Export through the Sec pathway
In bacteria, the Sec pathway transports unfolded proteins across the cytoplasmic membrane. Proteins secreted by this pathway may either become embedded in the inner membrane, or will be released into the periplasm. In Gram-negative organisms, these periplasmic proteins may be released extracellularly with the help of an additional secretion system.
(A) Proteins destined for the periplasm (or extracellular release) are translocated by a post-translational mechanism and contain a removable signal sequence recognized by the SecB protein. SecB binds pre-secretory proteins and prevents them from folding, while also delivering its substrates to SecA. SecA both guides proteins to the SecYEG channel, and also serves as the ATPase that provides the energy for protein translocation. Following transport through the SecYEG channel, proteins are folded in the periplasm.

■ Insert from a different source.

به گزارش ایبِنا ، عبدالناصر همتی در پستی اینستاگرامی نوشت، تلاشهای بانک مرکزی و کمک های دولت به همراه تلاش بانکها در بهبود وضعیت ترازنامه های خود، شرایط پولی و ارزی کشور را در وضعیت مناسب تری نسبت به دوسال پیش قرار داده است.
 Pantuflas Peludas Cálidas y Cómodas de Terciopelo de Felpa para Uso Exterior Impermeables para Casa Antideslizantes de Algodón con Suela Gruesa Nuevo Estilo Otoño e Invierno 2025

(B) The Sec pathway utilizes a co-translational mechanism of export to secrete proteins destined for the inner membrane. These proteins contain a signal sequence recognized by the SRP particle. During translation, SRP binds target proteins as they emerge from the ribosome, and recruits the docking protein FtsY. FtsY delivers the ribosome-protein complex to the SecYEG channel, which translocates the nascent protein across the cytoplasmic membrane. During translocation across the channel, the transmembrane domain is able to escape through the side of the channel into the membrane, where the protein remains attached.

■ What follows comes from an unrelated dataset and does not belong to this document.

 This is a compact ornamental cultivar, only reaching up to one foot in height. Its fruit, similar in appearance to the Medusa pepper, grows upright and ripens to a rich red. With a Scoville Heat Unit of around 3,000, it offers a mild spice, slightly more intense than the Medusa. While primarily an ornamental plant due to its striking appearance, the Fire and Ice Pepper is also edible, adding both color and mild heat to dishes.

This protein serves as a chaperone, binding to pre-secretory proteins and preventing them from folding . SecB then delivers its substrates to SecA, a multi-functional protein that both guides proteins to the SecYEG channel, and also serves as the ATPase that provides the energy for protein translocation. Prior to transport through the channel, a protease protein cleaves off the SecB signal sequence from the protein, and the secreted protein is then is folded upon delivery to the periplasm. While many proteins delivered by the SecB system remain in the periplasm, some will ultimately become extracellular. Once these proteins are delivered to the periplasm, they can be transported across the outer membrane with the help of the Type II and Type V secretion systems.
The SRP pathway
The Sec system can also transport proteins that are meant to remain in the inner membrane by way of the SRP pathway (Fig 1B). Transmembrane proteins often contain hydrophobic domains, and thus are unstable when cytoplasmic. For this reason, secretion by the SRP pathway utilizes a co-translational mechanism of export that couples translation of the protein by the ribosome with secretion through the SecYEG channel. The SRP pathway relies on the SRP particle, which contains a small, 4.5S RNA bound to a protein called Ffh. During protein secretion by this pathway, SRP first binds the transmembrane domain of proteins as they emerge from the ribosome. SRP then binds the docking protein FtsY, which delivers the ribosome-protein complex to the SecYEG channel. Translation of the protein then drives the secretion of the nascent protein through the channel. During this process, the transmembrane domain of the protein escapes through the side of the channel into the membrane, where it remains attached. The mechanism of this final step is not yet known.